FFmpeg has a couple dozen of its own error types which we represent via
:ref:`error_classes`.
FFmpeg will also return more typical errors such as ``ENOENT`` or ``EAGAIN``,
which we do our best to translate to extensions of the builtin exceptions
as defined by
`PEP 3151 <https://www.python.org/dev/peps/pep-3151/#new-exception-classes>`_.
.. _error_classes:
Error Exception Classes
-----------------------
PyAV raises the typical builtin exceptions within its own codebase, but things
get a little more complex when it comes to translating FFmpeg errors.

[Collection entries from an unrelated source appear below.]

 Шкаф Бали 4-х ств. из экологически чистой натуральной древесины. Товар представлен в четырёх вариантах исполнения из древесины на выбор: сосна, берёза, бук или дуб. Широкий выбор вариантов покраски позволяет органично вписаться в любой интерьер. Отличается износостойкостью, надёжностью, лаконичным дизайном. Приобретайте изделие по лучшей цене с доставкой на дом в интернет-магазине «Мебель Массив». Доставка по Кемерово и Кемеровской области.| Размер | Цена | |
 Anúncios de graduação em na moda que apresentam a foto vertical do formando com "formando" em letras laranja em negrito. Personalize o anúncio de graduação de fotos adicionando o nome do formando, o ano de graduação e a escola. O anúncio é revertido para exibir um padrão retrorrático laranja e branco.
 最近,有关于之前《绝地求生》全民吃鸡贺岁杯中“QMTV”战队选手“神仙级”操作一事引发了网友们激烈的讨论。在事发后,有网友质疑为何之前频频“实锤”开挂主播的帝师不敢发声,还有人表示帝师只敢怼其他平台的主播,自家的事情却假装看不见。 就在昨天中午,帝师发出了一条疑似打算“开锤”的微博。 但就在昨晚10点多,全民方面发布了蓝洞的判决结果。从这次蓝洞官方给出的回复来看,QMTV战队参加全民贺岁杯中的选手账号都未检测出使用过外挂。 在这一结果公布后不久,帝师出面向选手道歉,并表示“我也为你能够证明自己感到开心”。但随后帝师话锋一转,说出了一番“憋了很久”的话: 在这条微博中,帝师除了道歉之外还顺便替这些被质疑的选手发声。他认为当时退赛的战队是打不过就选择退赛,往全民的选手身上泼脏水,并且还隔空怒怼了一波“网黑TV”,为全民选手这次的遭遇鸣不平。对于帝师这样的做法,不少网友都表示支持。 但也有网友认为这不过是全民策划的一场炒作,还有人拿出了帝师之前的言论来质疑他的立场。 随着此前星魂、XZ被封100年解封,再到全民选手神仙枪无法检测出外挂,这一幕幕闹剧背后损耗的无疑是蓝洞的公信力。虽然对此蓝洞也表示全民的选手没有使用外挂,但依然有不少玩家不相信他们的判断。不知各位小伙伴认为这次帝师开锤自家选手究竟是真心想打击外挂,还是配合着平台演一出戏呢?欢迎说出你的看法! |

There are two competing ideas that have influenced the final design:
1. We want every exception that originates within FFmpeg to inherit from a common
:class:`.FFmpegError` exception;
2. We want to use the builtin exceptions whenever possible.
As such, PyAV effectively shadows as much of the builtin exception hierarchy as
it requires, extending from both the builtins and from :class:`FFmpegError`.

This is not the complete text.